Grupo liquidatário, coordenado por um quadro do Ministério das Finanças, tem ano e meio para concluir todo o processo de liquidação da Empresa de Supermercados de Luanda.

O Estado angolano decidiu extinguir formalmente a empresa ENSUL, U.E.E. – Empresa de Supermercados de Luanda, e criou uma Comissão Liquidatária encarregue dos pagamentos dos passivos laborais dos milhares de funcionários da empresa, soube a revista Economia & Mercado.

A decisão vem estampada no Decreto Executivo Conjunto n.º 8/25, de 28 de Abril, no qual a ministra das Finanças e o titular do departamento ministerial da Indústria e Comércio realçam que a extinção da ENSUL ocorre face à paralisação da empresa e ao processo de regularização do passivo.

Vera Daves de Sousa e Rui Miguêns de Oliveira socorrem-se, igualmente, do Roteiro da Reforma do Sector Empresarial Público, aprovado pelo Decreto Presidencial n.º 13/22, de 18 de Janeiro, que recomenda a extinção e liquidação de empresas inoperantes ou paralisadas do sector empresarial estatal.

Os ministros signatários do Decreto Executivo Conjunto atribuem, assim,  a uma Comissão Liquidatária a responsabilidade de gerir todo o processo final de liquidação da empresa criada na década de ‘70’ e cuja falência foi decretada oficiosamente em 2001.

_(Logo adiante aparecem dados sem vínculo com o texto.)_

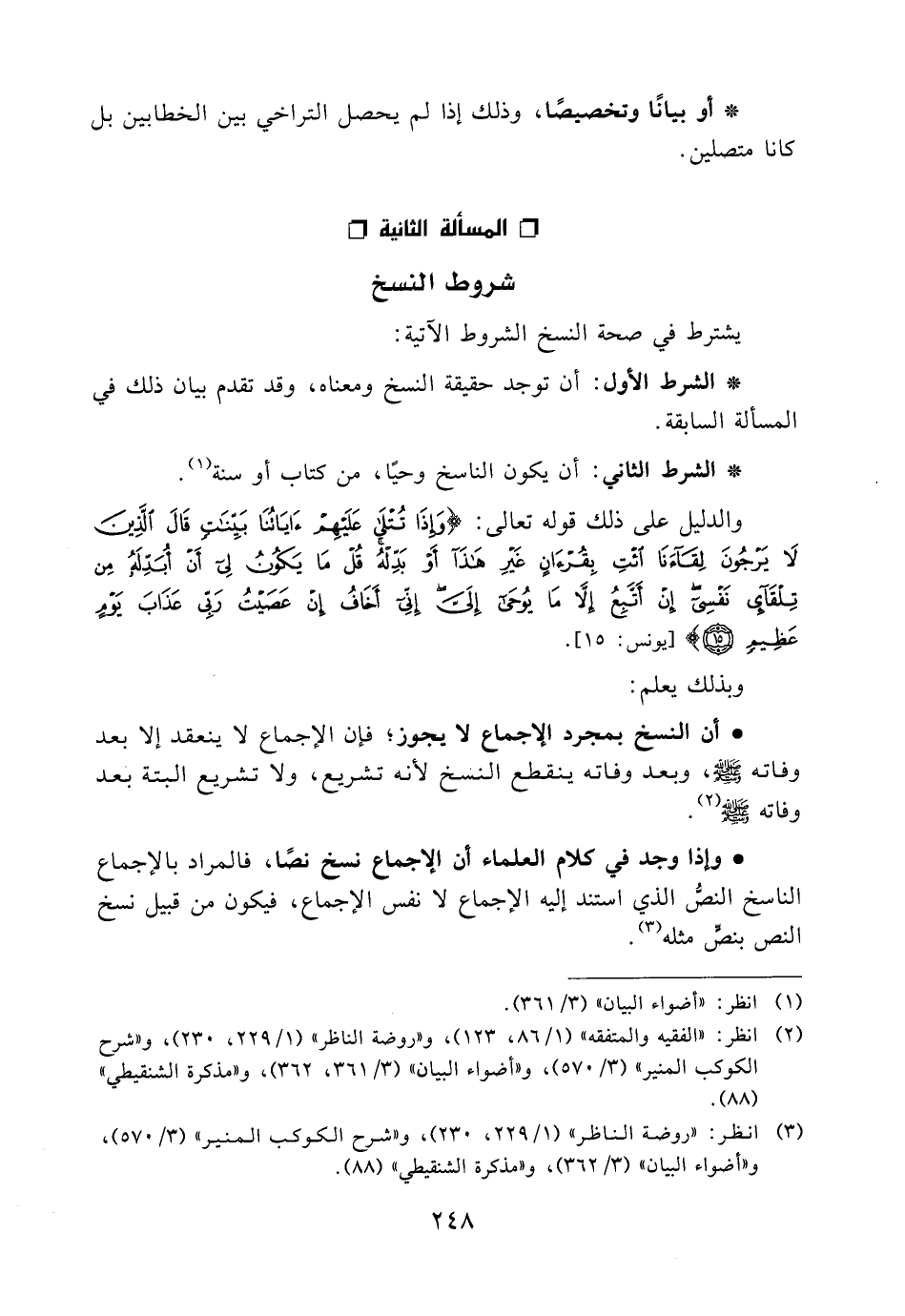 (3) انظر: "روضة الناظر" (1/229، 230) ، و"شرح الكوكب المنير" (3/570) ، و"أضواء البيان" (3/362) ، و"مذكرة الشنقيطي" (88) .

A comissão é coordenada por Osvaldo da Cruz Muixi, enquanto representante do Ministério das Finanças, e dela fazem parte, também, Joana da Silva Palhares, oriundo, igualmente, do MINFIN; Gilberto Dilu, representante do Ministério da Indústria e Comércio; e Manuel Vigário e Hernâni João Luís, do colectivo de trabalhadores da ENSUL.

O documento, a que a E&M teve acesso, determina que o processo de liquidação da Empresa de Supermercados de Luanda seja concluído no prazo de 18 meses, e sublinha que os encargos inerentes aos pagamentos dos passivos laborais devem ser suportados com recursos resultantes da liquidação do activo da ENSUL.

Entretanto, caso o activo da empresa não seja suficiente para suportar as despesas com o pagamento do passivo dos trabalhadores, o Decreto Executivo Conjunto n.º 8/25, de 28 de Abril, orienta que seja o Tesouro Nacional a cobrir tais insuficiências.

Espera-se que, com esta decisão, seja encerrado, no prazo de ano e meio, o longo percurso de reivindicação por indemnização de cerca de 5 mil trabalhadores da antiga ENSUL, tendo cerca de dois mil trabalhadores sido já pagos durante a jornada de quase duas décadas de reclamações, apurou a E&M.